Pitterle D M, Rajagopalan K V
Department of Biochemistry, Duke University Medical Center, Durham, North Carolina 27710.
J Bacteriol. 1989 Jun;171(6):3373-8. doi: 10.1128/jb.171.6.3373-3378.1989.
Molybdopterin (MPT) is not produced by the Escherichia coli mutants chlA1, chlM, or chlN or by the Neurospora crassa mutant nit-1. Extracts of E. coli chlA1 contain an activity, the converting factor, which is functionally defined by its ability to convert a low-molecular-weight precursor present in crude extracts of N. crassa nit-1 into molybdopterin in vitro. In this study, it has been shown that the converting factor consists of two associative proteins (10 and 25 kilodaltons [kDa]) which can be separated by using either anion-exchange or gel filtration chromatography. Neither protein is able to complement extracts of nit-1 by itself. Analysis of chlA Mu insertion mutants has shown that the two proteins are distinct gene products encoded at the chlA locus. Twelve chlA Mu insertion strains which lacked converting factor activity were deficient in one or both of the proteins. Converting factor activity could be generated by mixing extracts from strains having the 25-kDa protein with those having the 10-kDa protein but not those lacking both proteins. Finally, it was shown that the chlM mutant lacks the 10-kDa protein while the chlN mutant, which contains both the 10- and 25-kDa proteins, lacks a function required to activate the 10-kDa protein.
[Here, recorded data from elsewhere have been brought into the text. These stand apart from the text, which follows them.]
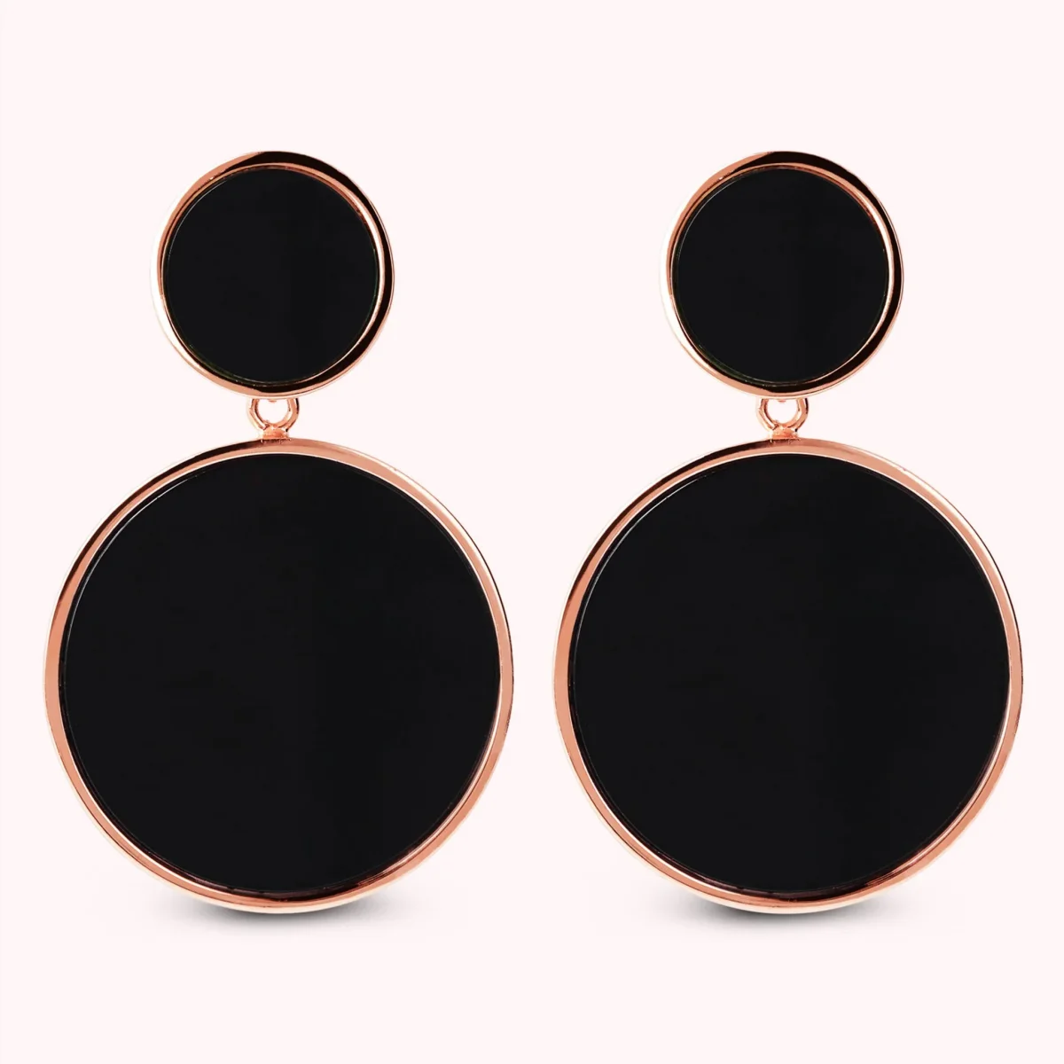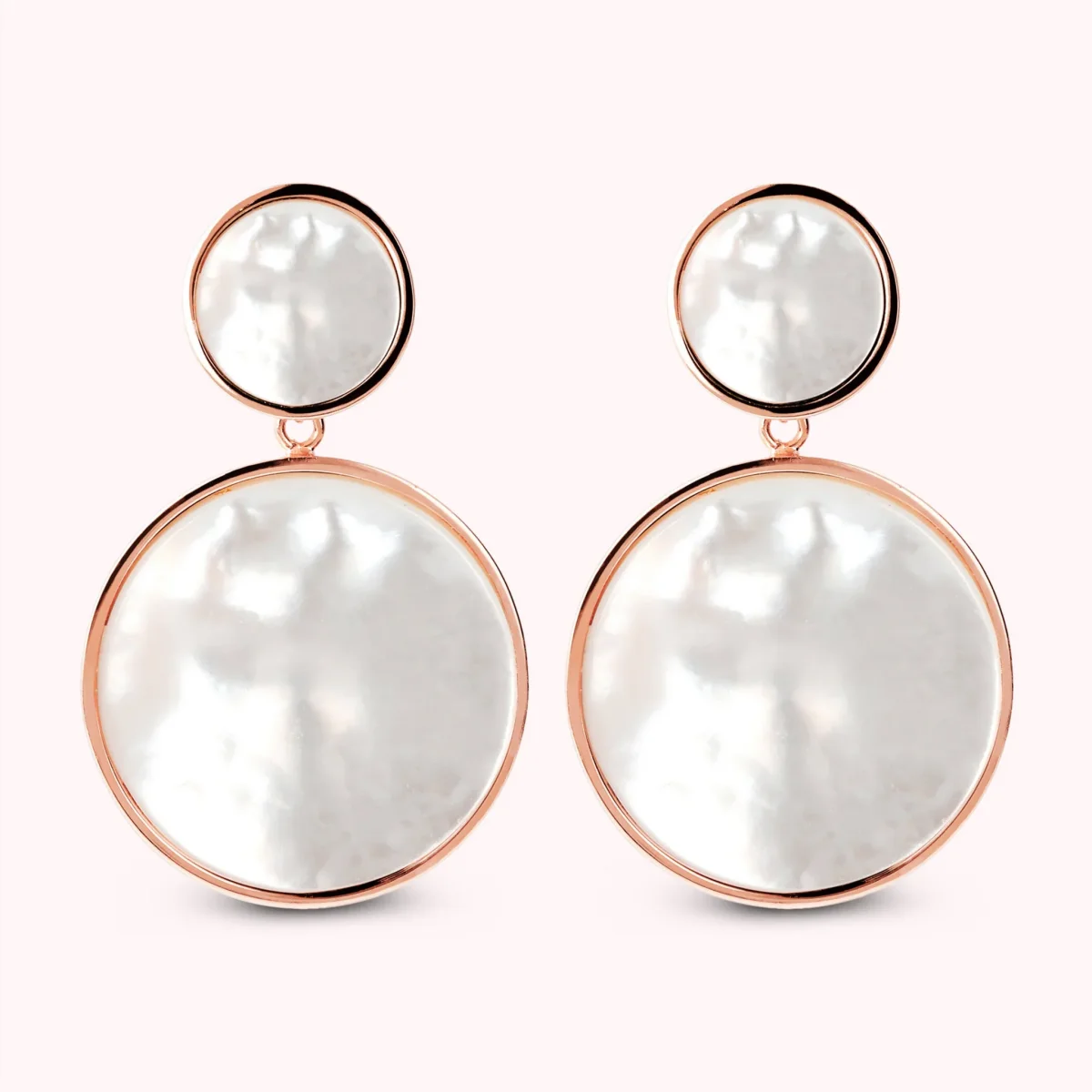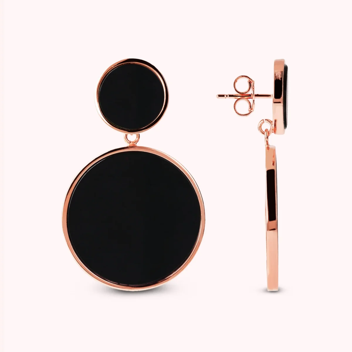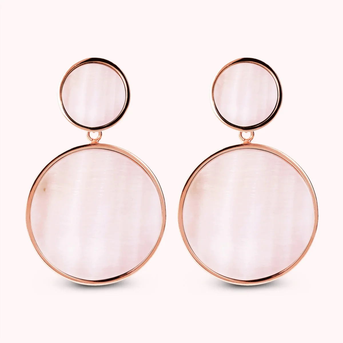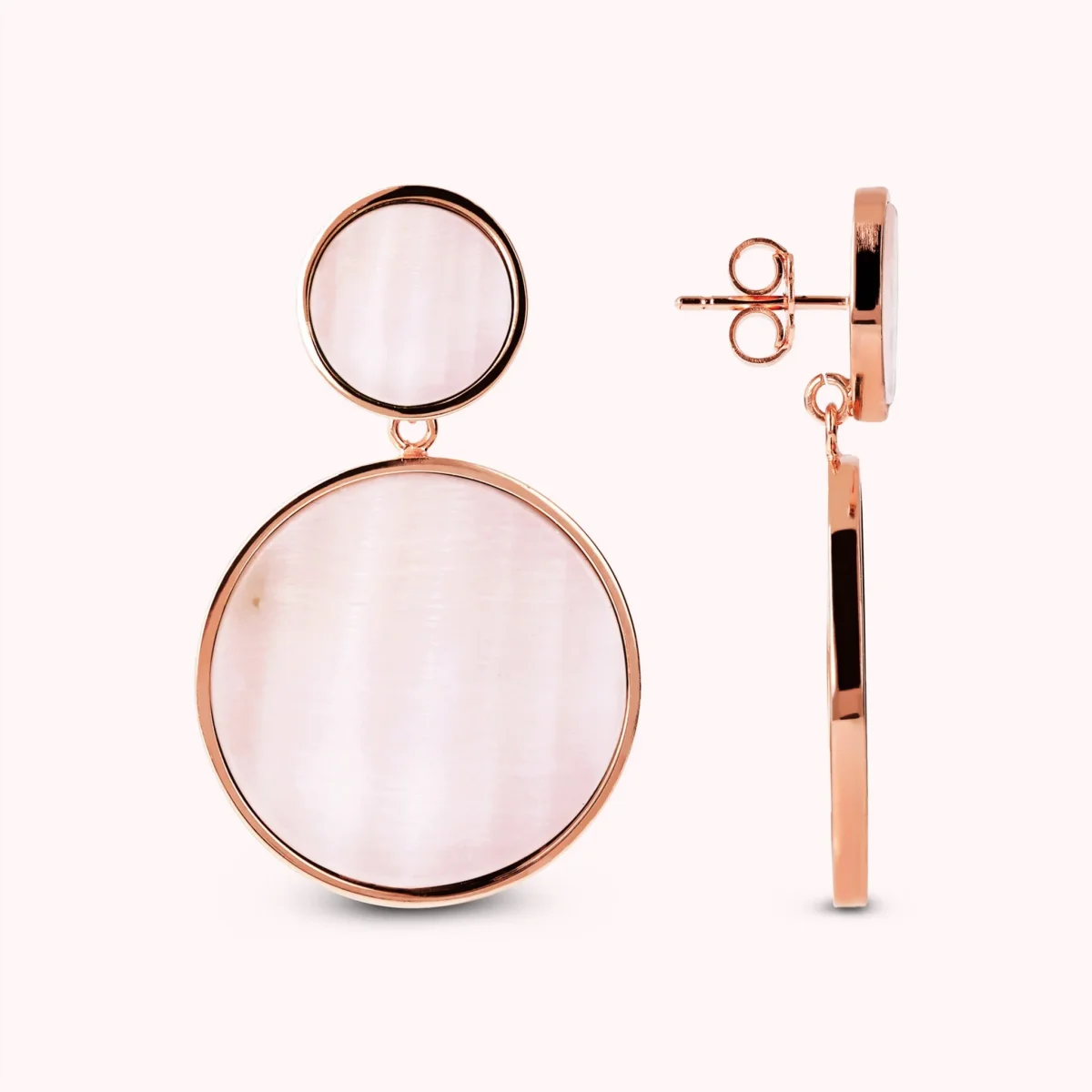Orecchini pendenti Bronzallure realizzati in lega Golden Rosé, placcati oro rosa 18kt a doppio disco con pietra naturale: uno piccolo (12 mm) e uno grande (25 mm). Chiusura a perno e farfalla.
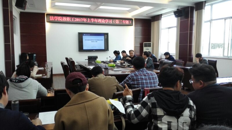 4月26日下午,法学院在文渊楼216会议室开展2017年上半年第二次教职工理论学习,对《关于加强和改进新形势下高校思想政治工作的意见》进行进一步的学习领会。法学院全体教师参加,学习会由法学院党总支书记朱国良主持。
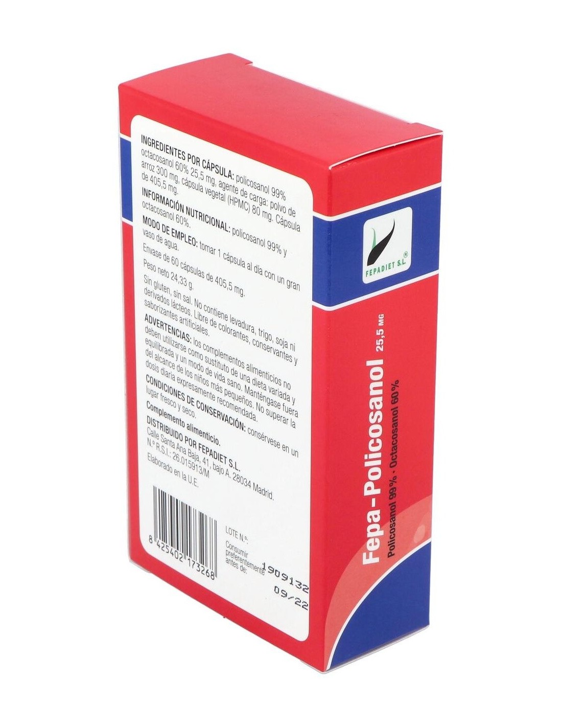El producto está elaborado bajo controles de calidad que garantizan la pureza y concentración del policosanol. Su diseño en cápsulas permite una dosificación cómoda y práctica, ideal para quienes prefieren suplementos en formato sólido. Fepa-Policosanol 60Cap. de Fepadiet se presenta en un envase compacto que protege el contenido de la humedad y la luz.
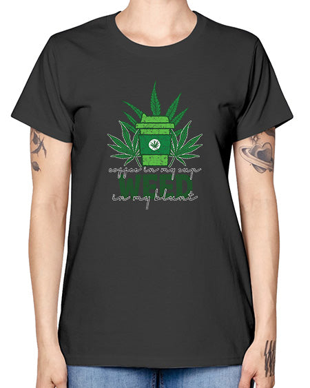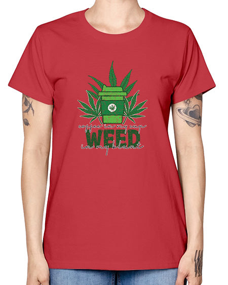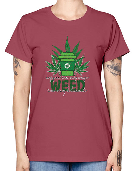 Coffee In My Cup Weed In My Blunt Sublimation 338# - marijuana - Missy T-Shirt
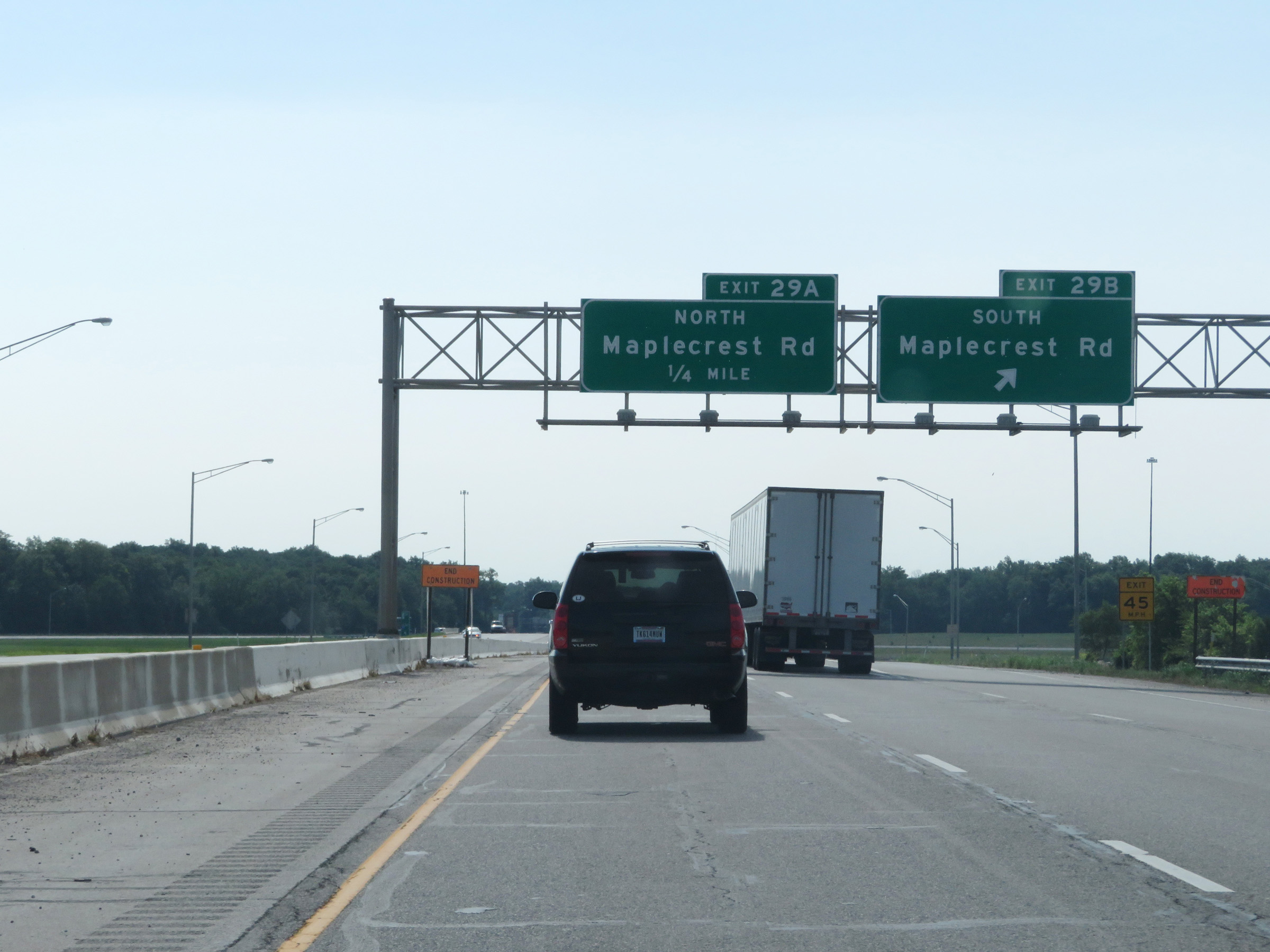 Interstate 469 Inner Loop (East) at Exit 29B: Maplecrest Rd South (Photo taken 7/19/17). |
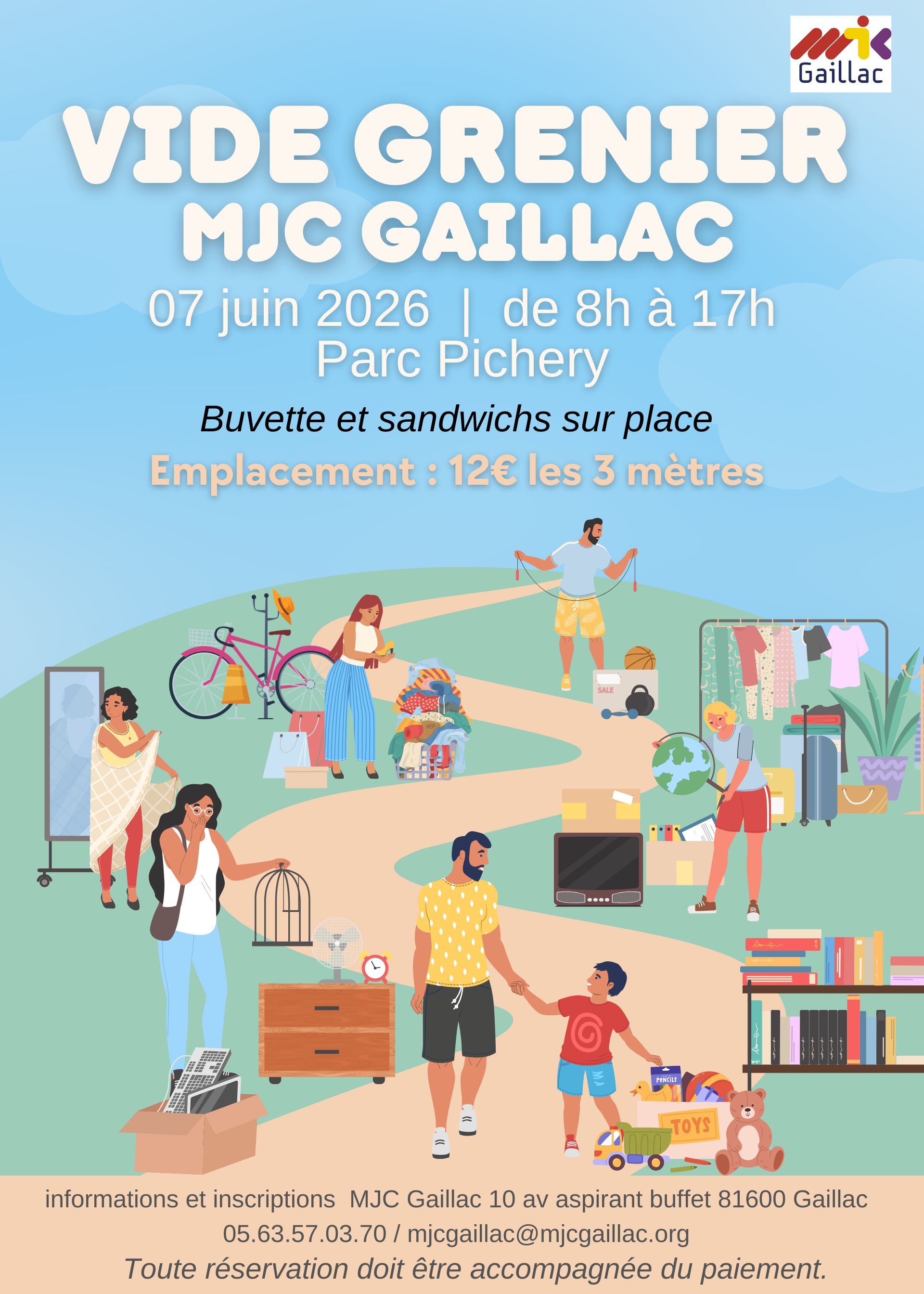 Inscription possible (réservation emplacement et règlement) > Uniquement à l'accueil de la MJC les après-midi de 14h à 18h
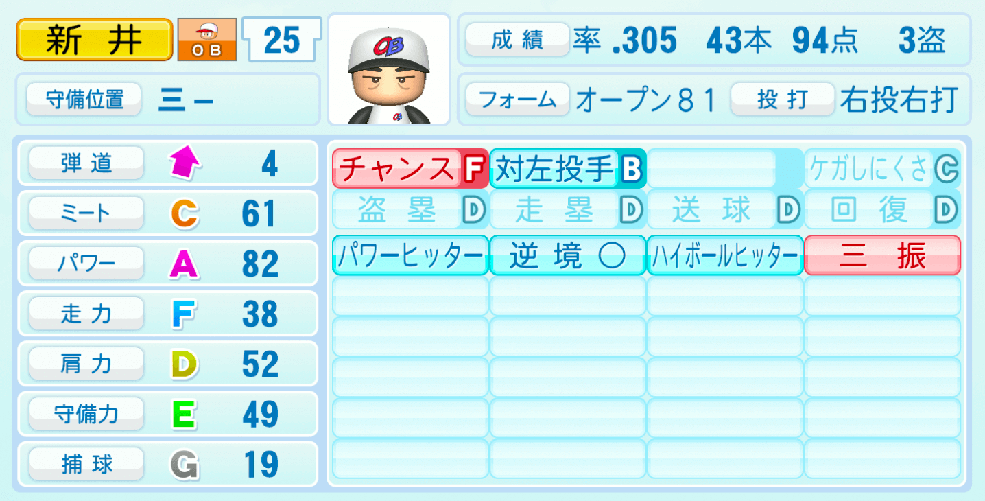 | 対左投手B | ケガしにくさC |
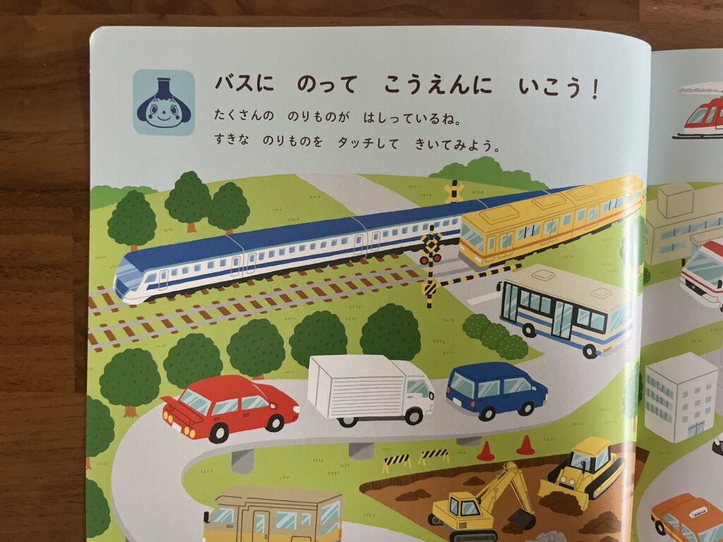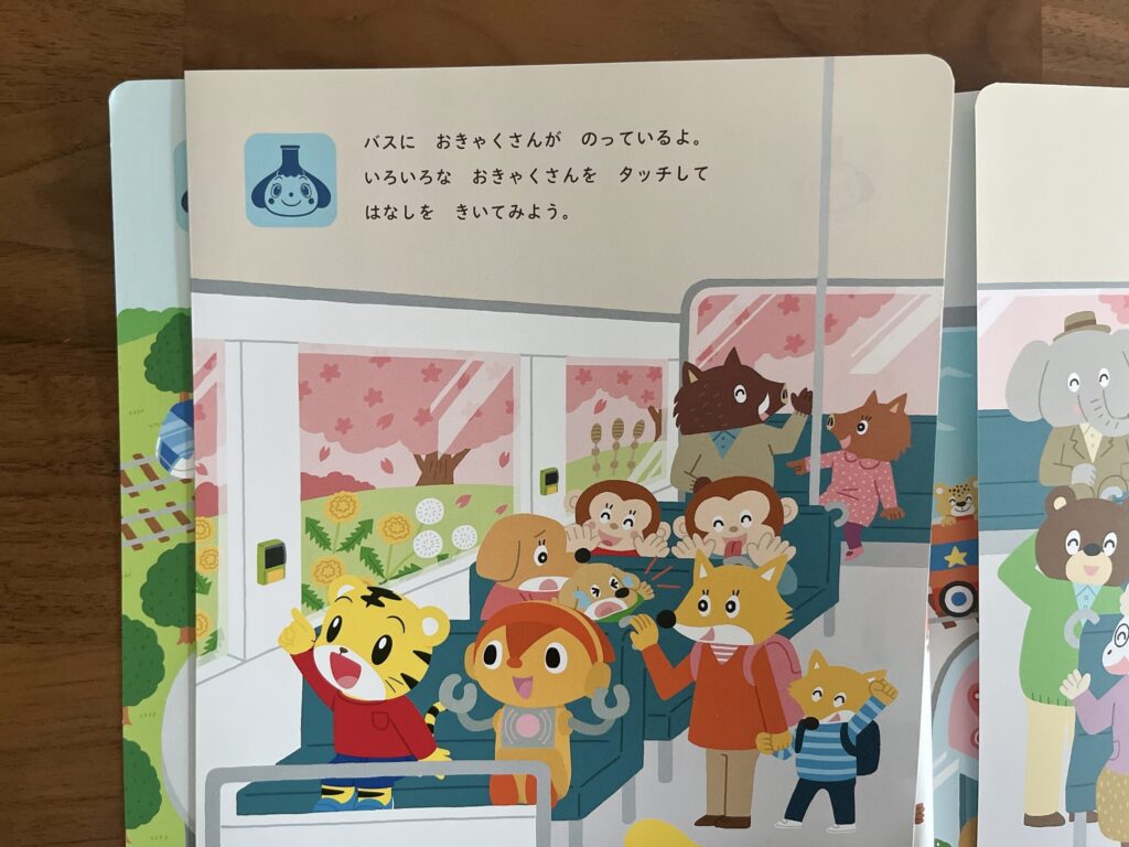 バスに乗って公園に向かう道のりで、息子は「おしゃべりしまじろうペン」を片手に大忙し!

钼蝶呤(MPT)不是由大肠杆菌突变体chlA1、chlM或chlN产生的,也不是由粗糙脉孢菌突变体nit-1产生的。大肠杆菌chlA1提取物含有一种活性物质,即转化因子,其功能定义为能够在体外将粗糙脉孢菌nit-1粗提取物中存在的低分子量前体转化为钼蝶呤。在本研究中,已表明转化因子由两种缔合蛋白(10和25千道尔顿[kDa])组成,可通过阴离子交换或凝胶过滤色谱法分离。这两种蛋白单独都不能补充nit-1的提取物。对chlA Mu插入突变体的分析表明,这两种蛋白是在chlA基因座编码的不同基因产物。十二个缺乏转化因子活性的chlA Mu插入菌株在一种或两种蛋白上存在缺陷。通过将具有25 kDa蛋白的菌株提取物与具有10 kDa蛋白的菌株提取物混合可产生转化因子活性,但与两种蛋白都缺乏的菌株提取物混合则不能产生。最后,表明chlM突变体缺乏10 kDa蛋白,而同时含有10 kDa和25 kDa蛋白的chlN突变体缺乏激活10 kDa蛋白所需的功能。